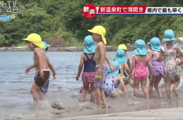 子どもたちが夏に一番乗り! 今シーズン初 新温泉町で海開き
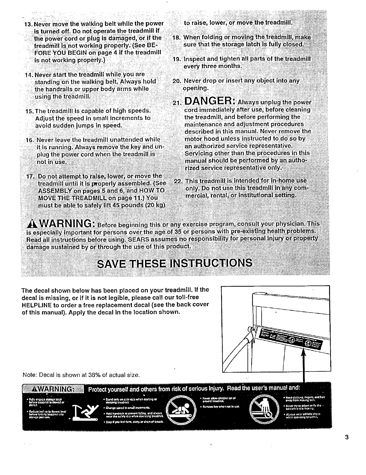 13. Never move the walking belt while the power to raise, lower; of move the treadmill.
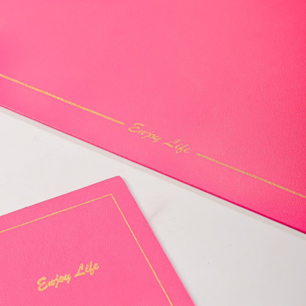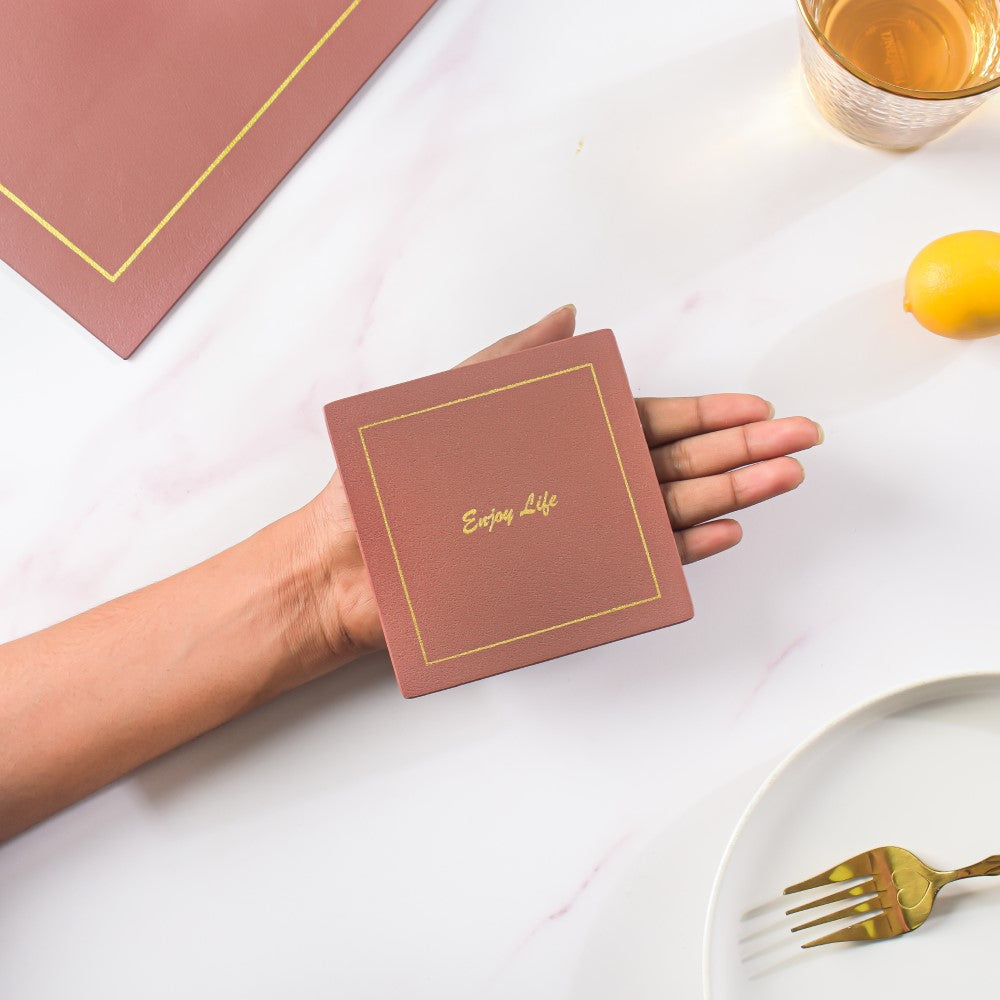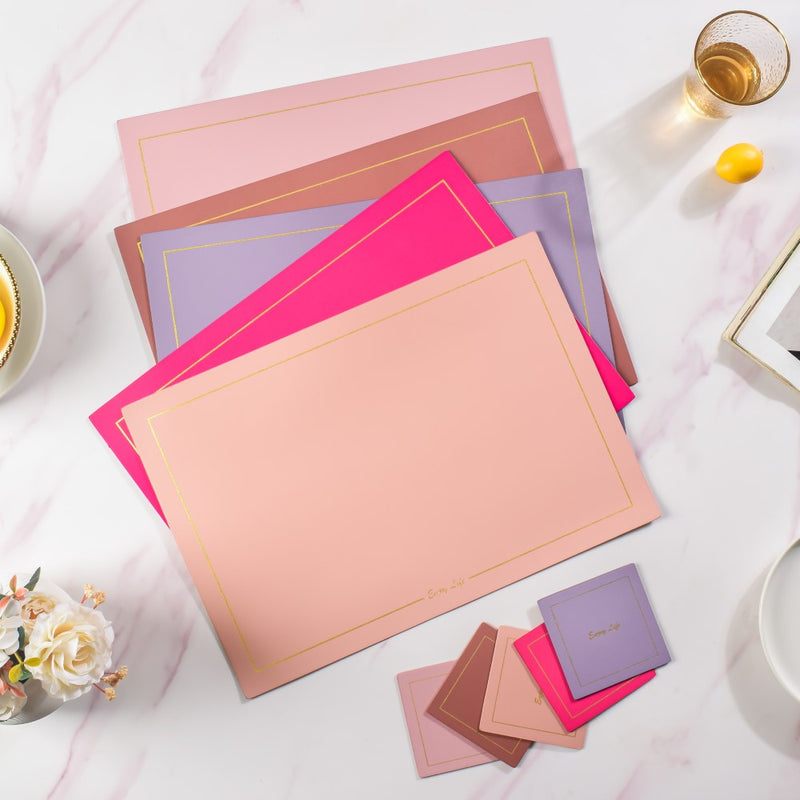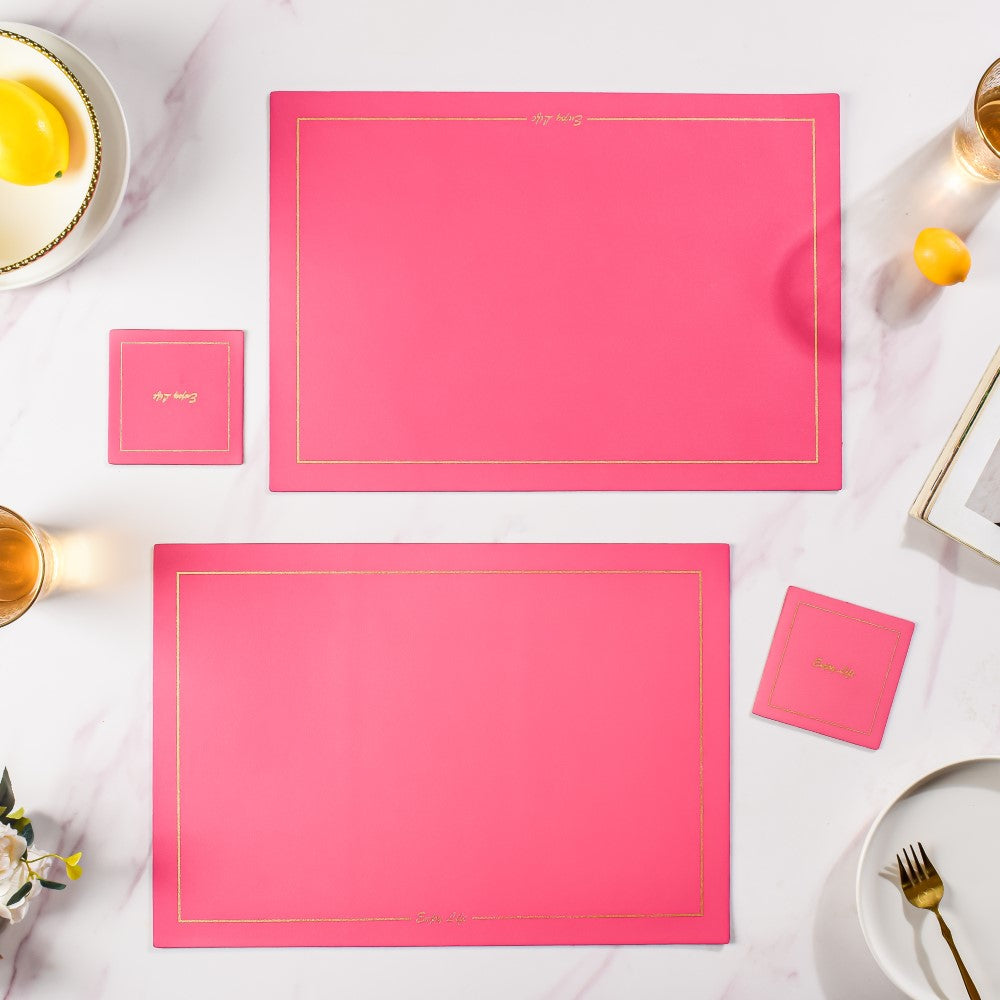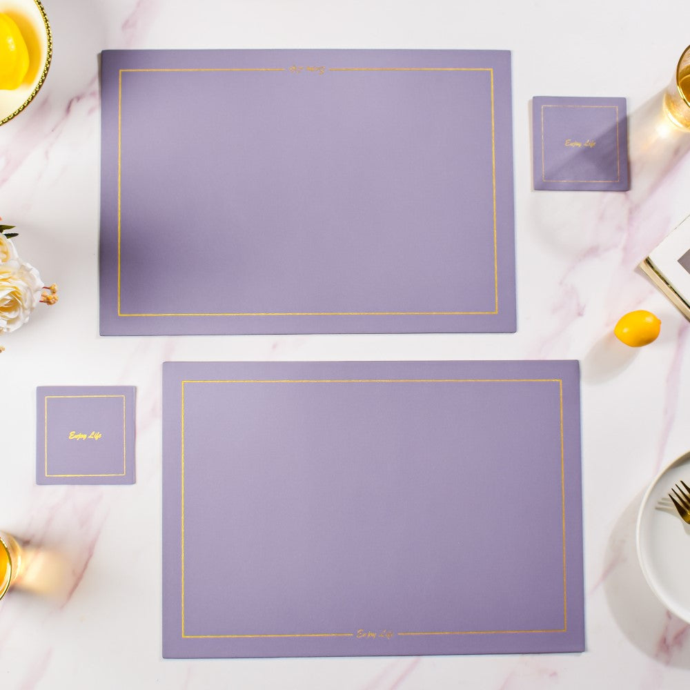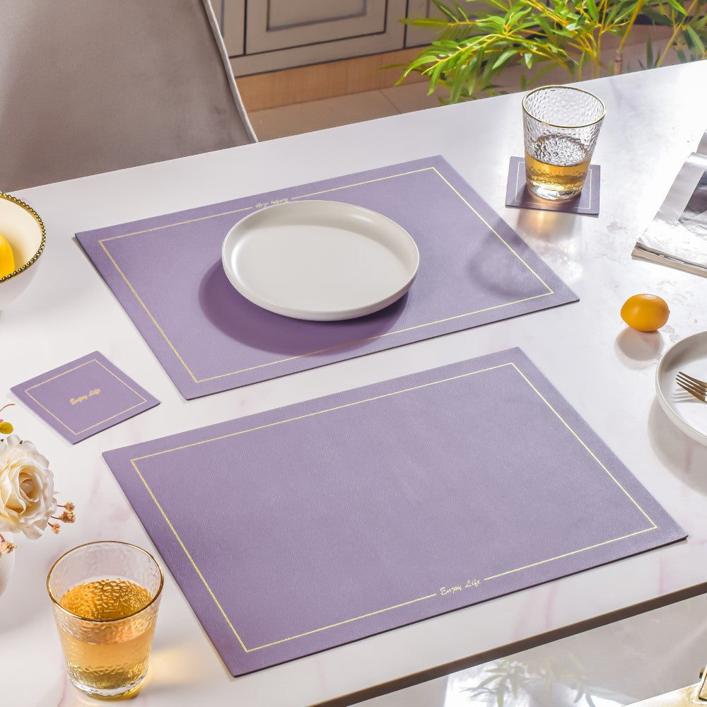 Set of placemats and coasters in the same hue that is made of leather. The dinner table mat, together with the coaster, may help to define and arrange a meal setting. The set may be used for everyday meals as well as for special occasions when entertaining guests. The table is protected by the dining mat from scratches, spills, and stains.
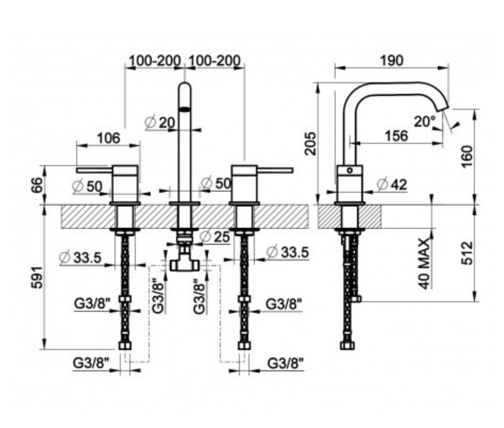 GESSI TRAME Bateria umywalkowa trzyotworowa, bez korka automatycznego, stal szczotkowana 54312.239

> **What is required**
Quote the material in full and exactly; do not carry over its pictures.

> **Response area**
 子どもたちが夏に一番乗り! 今シーズン初 新温泉町で海開き
 13. Never move the walking belt while the power to raise, lower; of move the treadmill.
 Set of placemats and coasters in the same hue that is made of leather. The dinner table mat, together with the coaster, may help to define and arrange a meal setting. The set may be used for everyday meals as well as for special occasions when entertaining guests. The table is protected by the dining mat from scratches, spills, and stains.
 GESSI TRAME Bateria umywalkowa trzyotworowa, bez korka automatycznego, stal szczotkowana 54312.239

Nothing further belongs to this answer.